Needless to say, Toady was convicted. Considering the nature of Judge Hard Time Harwell, the sentence was miraculously light. Harwell informed Toady that he stood convicted on all misdemeanor counts but that he had decided be lenient and to drop the felony charge of assault with a deadly weapon.

"You understand that under these convictions, I could still sentence you to a total of seventeen years?"

Toady just nodded, prepared for the worst.

"Well, I'm going to sentence you instead to twelve months of community service. You will be on supervised litter pickup twenty-five hours a week. You can do it after work and on weekends, so you can continue paying child support. If you fail to show, we will bring you in to serve your full sentence behind bars.
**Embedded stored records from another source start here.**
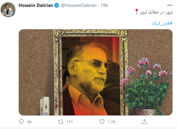 فعلى سبيل المثال، نشر الصحفي الإيراني المختص بالشؤون العسكرية “حسين دليريان” تغريدة له على تويتر عنونها بـ “اغتيال مقابل اغتيال”.
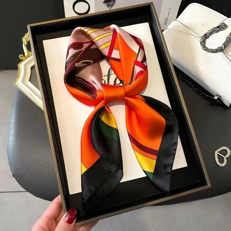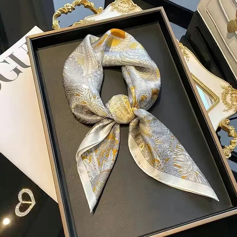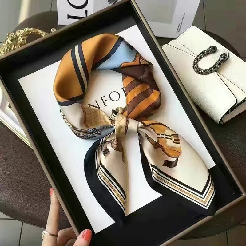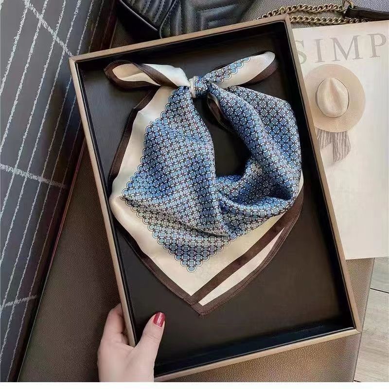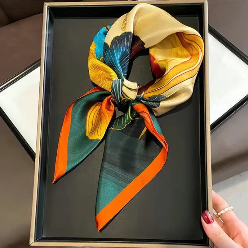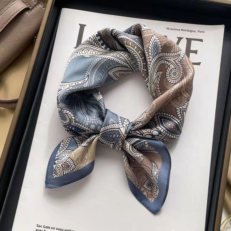 70 шелковый шарф квадратный шарф элитный корейский модный универсальный профессиональный маленький шарф из искусственного шелка шелковый шарф с принтом в стиле ретро для женщин
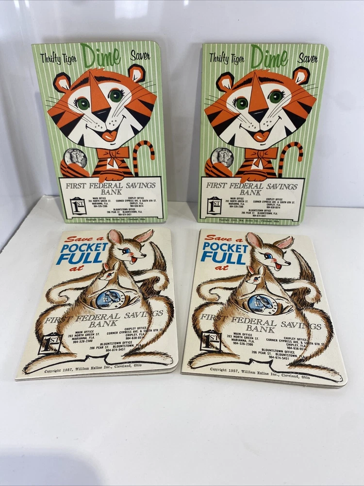 This vintage Thrifty Tiger quarter saver coin book from 1964 is a must-have for any collector of bank and insurance memorabilia. The book features a colorful orange design and includes a 1957 save a pocket full coin from Marianna, FL. It is a great addition to any historical collection and a unique piece of American history. The coin book is unmodified and not signed, making it a rare find for collectors who value authenticity. 1964 Thrifty Tiger Quarter Saver Coin Book 1957 Save A Pocket Full VTG Banking Fast Shipping
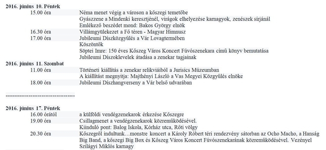 A jubileumi esemény részeként bemutatásra kerül Söptei Imre 150 éves Kőszeg Város Koncert Fúvószenekar című könyve. Június 11-én pedig történeti kiállításra látogathatnak el az érdeklődők a Juricsis-várba, hol megtekinthetik a zenekar relikviáit.
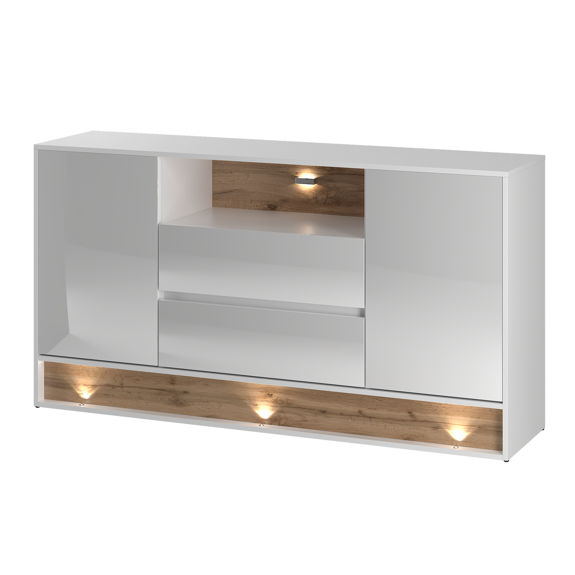 Elegancka komoda VISION-02 z dwoma drzwiami i dwoma szufladami. Wykonana z płyty MDF i laminowanej. Wysokiej jakości przesuwy kulkowe i zawiasy puszkowe z cichym domykiem. Stylowy biały mat z dębem Wotan i podświetleniem LED tworzy luksusowy wygląd.

"Oh, and one more thing.You will return that key to the courthouse soft drink machine." After a relieved Toady was led away, Lawyer McSwine commented, "Judge you surprised me, considering everything. I was sure you'd throw the book at him."

"Well, I thought about it. Then I recalled how upset I could get with my ex-wives, all three of them. Then I realized that Toady's ex is related to Varmint County's most notorious criminal and I thought that maybe that's punishment enough. Locking him up safely behind bars would be letting him off too easy."